I didn't say someone objected. I brought it up because YOU brought it up. Why make an irrelevant point? Red herring much?

God created Adam (and mankind) in such a way that propagation is of the whole being, body and spirit (or soul). Just as our body comes from out parents, so also our soul. This puts all of mankind, in a germinal but nonetheless spiritual way, in Adam and participating in his sin. All men sinned while "in the loins of" Adam. All men deserve nothing but death, misery and wrath. Therefore, God is free and fair to do whatever He pleases, since we have no right to object about anything. And God, loving humanity enough to want to save some instead of letting all perish, chose some to save. And the remainder have no valid objection. Fair enough?

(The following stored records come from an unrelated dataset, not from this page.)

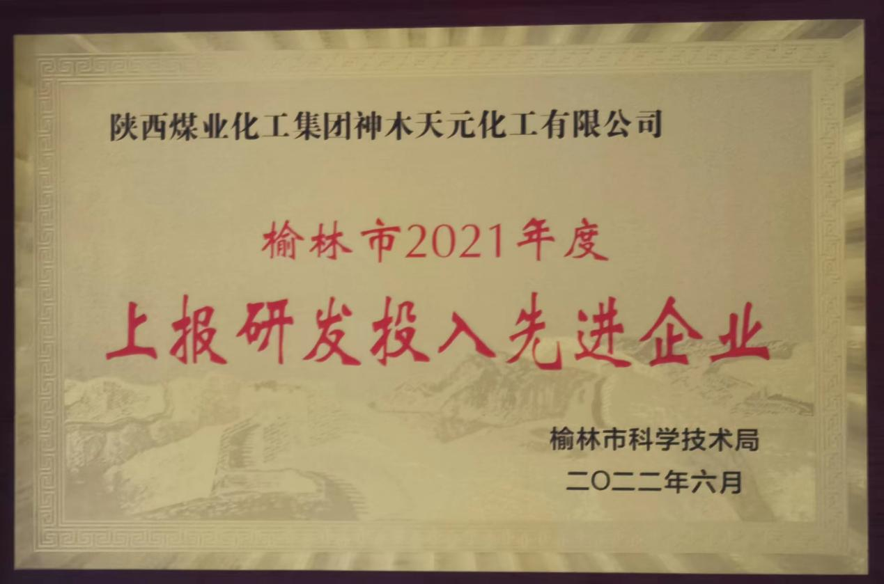 天元公司榮獲榆林市“2021年度上報研發投入先進企業”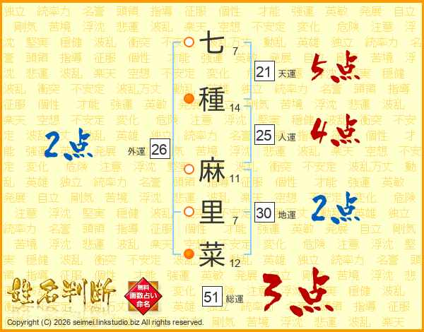 七(7画)種(14画) 麻(11画)里(7画)菜(12画)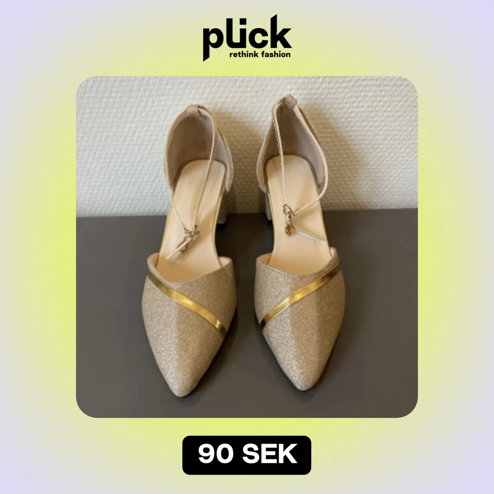 Glittrig/guld damskor. Nyskick och oanvänd. Storlek 35. Jag skickar omedelbärt efter betalning.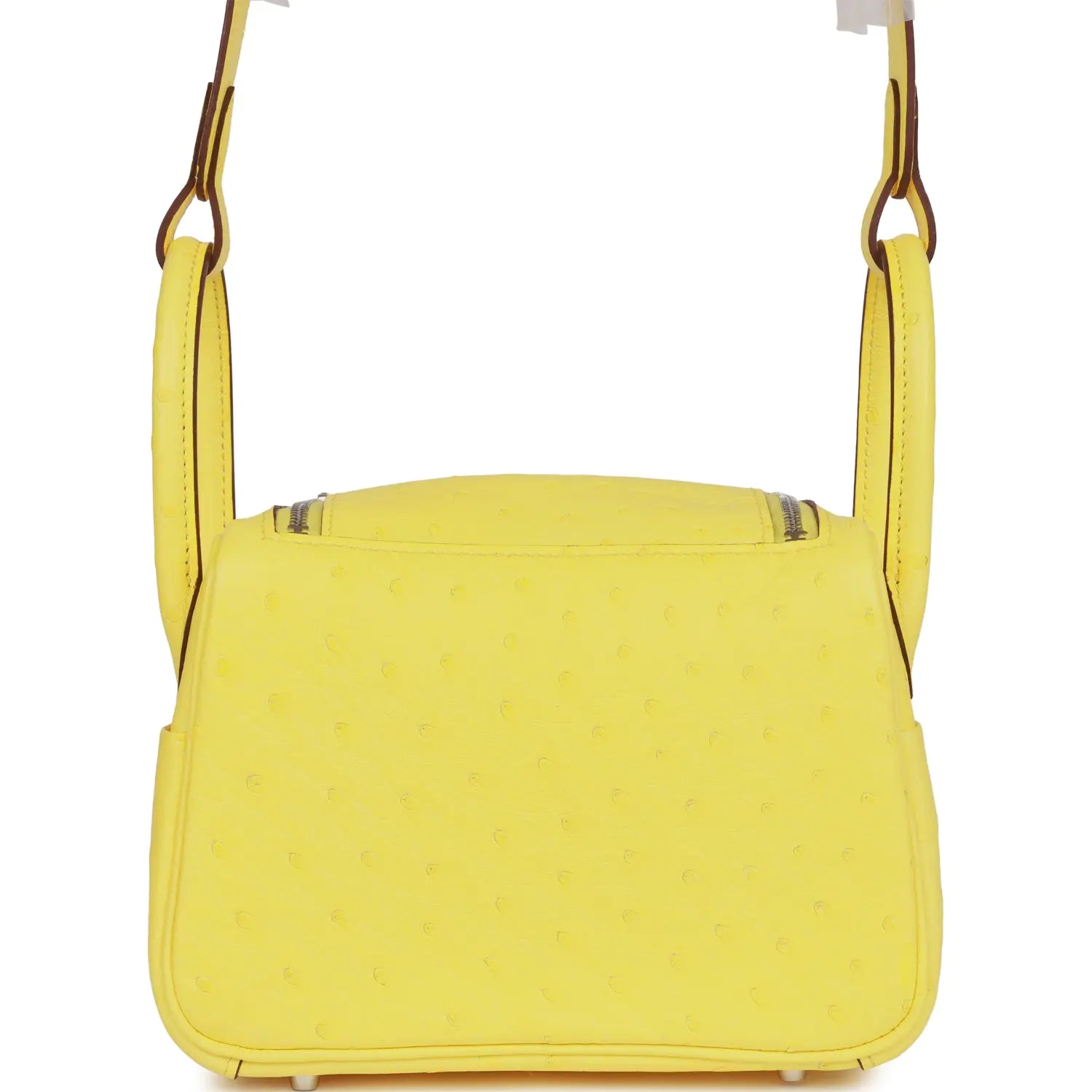 このミニ リンディは、ジョーヌ シトロンのオーストリッチ レザーにパラジウム ハードウェアが使用され、同系色のステッチ、ダブル ジッパー プル、フロントのエルメス ツイスト ロック、両側に 1 つのポケット、フラットなショルダー ストラップでつながれた 2 つのロールトップ ハンドルが付いています。

Under deterministic beliefs, all of that is irrelevant.

God DECREED each person to become what they are.

Under true free will, all of this makes actual sense.

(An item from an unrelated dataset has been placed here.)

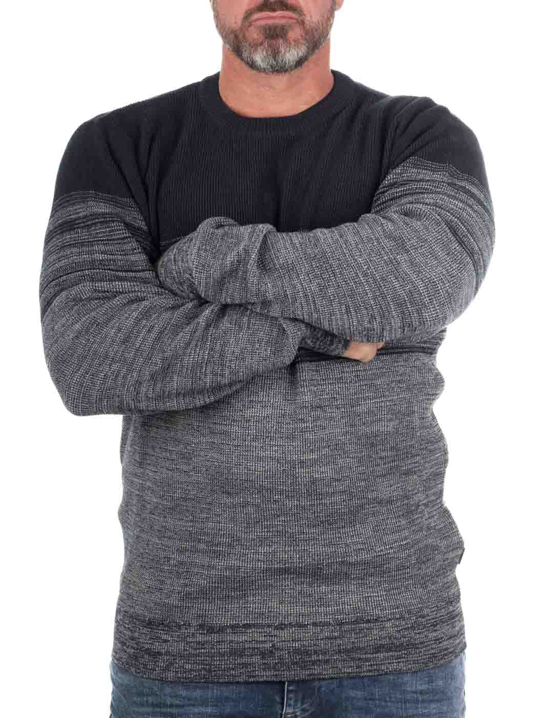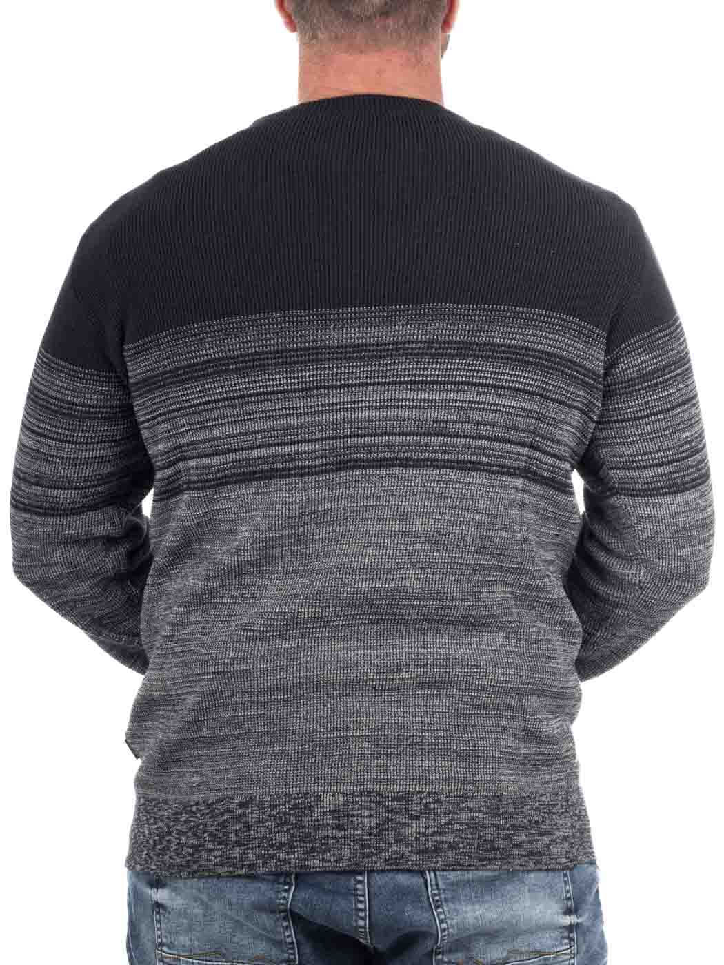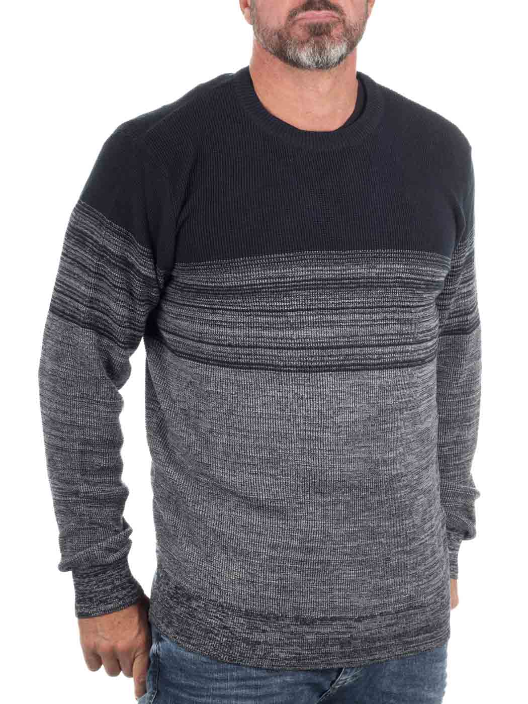 Stylowy dzianinowy sweter z subtelnym przejściem kolorystycznym z granatu do szarości. Prążkowane ściągacze przy dekolcie, rękawach i u dołu zapewniają dobre dopasowanie. Uniwersalny model, który świetnie wygląda zarówno z jeansami na co dzień, jak i narzucony na koszulę – idealne połączenie stylu i wygody.

Adam DECIDED to rebel against God.

Fair enough?
 

Carbon

Well-known member
To elaborate, I hold to a more immanent grace--one that works with the free will of men. Rather than the unable-enabled dynamic, I see in Scripture an aversion-persuasion dynamic, by which the inability of sinners is figurative for their unwillingness, and all men encounter--to varying degrees--the grace of influences toward God and truth.
So where the rubber meets the ground, it's mans free will.
 

Carbon

Well-known member
Carbon said:
So where the rubber meets the ground, it's mans free will.

And yet, God unconditionally elected in eternity past and these alone He saves.
So, I understand your position as a modified Arminian position. No offence, but it is not a middle position from which the bible supports, but instead one you created. I would think the Arminians would be a bit upset with you because you have modified some of their doctrines which they see as distorted.
However, it is far from the Calvinist position and Being an Arminian for many years, from that perspective, I wouldn't call you a Calvinist. Being a Calvinist, I can see your position as a modified Arminian position.

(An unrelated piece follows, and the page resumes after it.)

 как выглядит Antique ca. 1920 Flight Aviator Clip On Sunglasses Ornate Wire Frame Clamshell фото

It's like you tampered with someone's computer program, changing some of the program codes and such, tweaking it here and there.

Scripture does not teach God works synergistically with a lost sinner until he finally decides to believe. It's like God becomes someone's buddy to get him born again.

Jesus didn't go into the tomb, sit at the side of dead Lazarus and persuade him to rise. He called Lazarus forth, just as He calls dead, lost sinners forth. He gives them a new heart of flesh and puts His Spirit within them so they can do so.

I do however admire your thinking, it looks like you have spent some time putting this together, even though your not completely convinced of it yourself yet.
 

Ken Hamrick

Active member
So, I understand your position as a modified Arminian position. No offence, but it is not a middle position from which the bible supports, but instead one you created. I would think the Arminians would be a bit upset with you because you have modified some of their doctrines which they see as distorted.
However, it is far from the Calvinist position and Being an Arminian for many years, from that perspective, I wouldn't call you a Calvinist. Being a Calvinist, I can see your position as a modified Arminian position.

It's like you tampered with someone's computer program, changing some of the program codes and such, tweaking it here and there.

Scripture does not teach God works synergistically with a lost sinner until he finally decides to believe. It's like God becomes someone's buddy to get him born again.

Jesus didn't go into the tomb, sit at the side of dead Lazarus and persuade him to rise. He called Lazarus forth, just as He calls dead, lost sinners forth. He gives them a new heart of flesh and puts His Spirit within them so they can do so.

I do however admire your thinking, it looks like you have spent some time putting this together, even though your not completely convinced of it yourself yet.
After I've indicated that I hold to unconditional election and salvation of these alone, you assess my position as modified Arminian?? That strikes me as terribly uninformed, since the main difference between Calvinism & Arminianism has to do with whether election is unconditional and of individuals. UE disqualifies me as Arminian by all reasonable measures. If I must be labeled as one of the two, I would be a 1 to 3 point Calvinist, depending on how strict the points are assessed: TU_I_.
 

Carbon

Well-known member
After I've indicated that I hold to unconditional election and salvation of these alone, you assess my position as modified Arminian??
Well, you got me there. I'm really not sure what ism to call it. Surely not Calvinism, probably not Arminianism either. Perhaps you should make a name for it? Kennieism?
That strikes me as terribly uninformed, since the main difference between Calvinism & Arminianism has to do with whether election is unconditional and of individuals.
In my understanding it's not accurate to take one point of a system and define it. The 5 points make up a whole. Your comment strikes me as terribly uninformed.
UE disqualifies me as Arminian by all reasonable measures.
If you agreed, understood and taught it as scripture does, you might be on to something.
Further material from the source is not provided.